LCEL Introduction
LCEL (LangChain Expression Language) is a powerful workflow orchestration tool that allows you to build complex task chains from basic components and supports out-of-the-box features such as streaming processing, parallel processing, and logging.
Basic Example: Prompt + Model + Output Parser
In this example, we will demonstrate how to use LCEL (LangChain Expression Language) to link three components – prompt template, model, and output parser – together to form a complete workflow for implementing the task of "telling jokes." The code demonstrates how to create chains, use the pipe symbol |
to connect different components, and introduces the role of each component along with the output results.

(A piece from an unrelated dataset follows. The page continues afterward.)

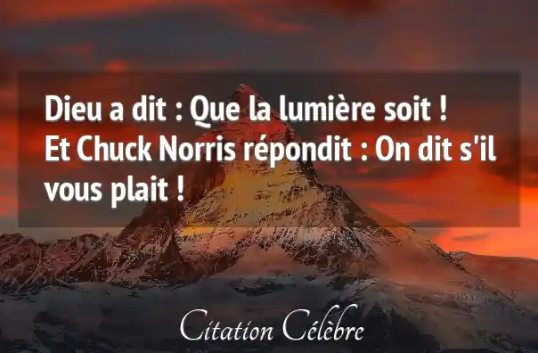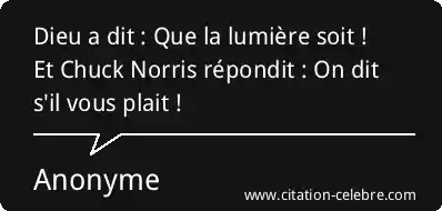Dieu a dit : Que la lumière soit ! Et Chuck Norris répondit : On dit s'il vous plait !

First, let's see how to connect the prompt template and the model to generate a joke about a specific topic:
Install dependencies
%pip install --upgrade --quiet langchain-core langchain-community langchain-openai
from langchain_core.output_parsers import StrOutputParser
from langchain_core.prompts import ChatPromptTemplate
from langchain_openai import ChatOpenAI
prompt = ChatPromptTemplate.from_template("Tell me a joke about {topic}")
model = ChatOpenAI(model="gpt-4")
output_parser = StrOutputParser()
chain = prompt | model | output_parser
chain.invoke({"topic": "ice cream"})
Output
"Why don't parties invite ice cream? Because it melts when it's hot!"
In this code, we use LCEL to connect different components into a chain:
chain = prompt | model | output_parser
The |
symbol here is similar to the Unix pipe operator, which connects different components together and passes the output of one component as the input to the next component.
In this chain, user input is passed to the prompt template, then the output of the prompt template is passed to the model, and finally the output of the model is passed to the output parser. Let's take a look at each component separately to better understand what's happening.
1. Prompt
prompt
is a BasePromptTemplate
that accepts a template variable dictionary and generates a PromptValue
. PromptValue
is a wrapped object containing the prompt, which can be passed to LLM
(as input in the form of a string) or ChatModel
(as input in the form of message sequences). It can be used with any type of language model because it defines the logic for generating BaseMessage
and generating strings.
prompt_value = prompt.invoke({"topic": "ice cream"})
prompt_value
Output
ChatPromptValue(messages=[HumanMessage(content='Tell me a joke about ice cream')])
Below, we convert the prompt-formatted result into the message format used by chat models:
prompt_value.to_messages()
Output
[HumanMessage(content='Tell me a joke about ice cream')]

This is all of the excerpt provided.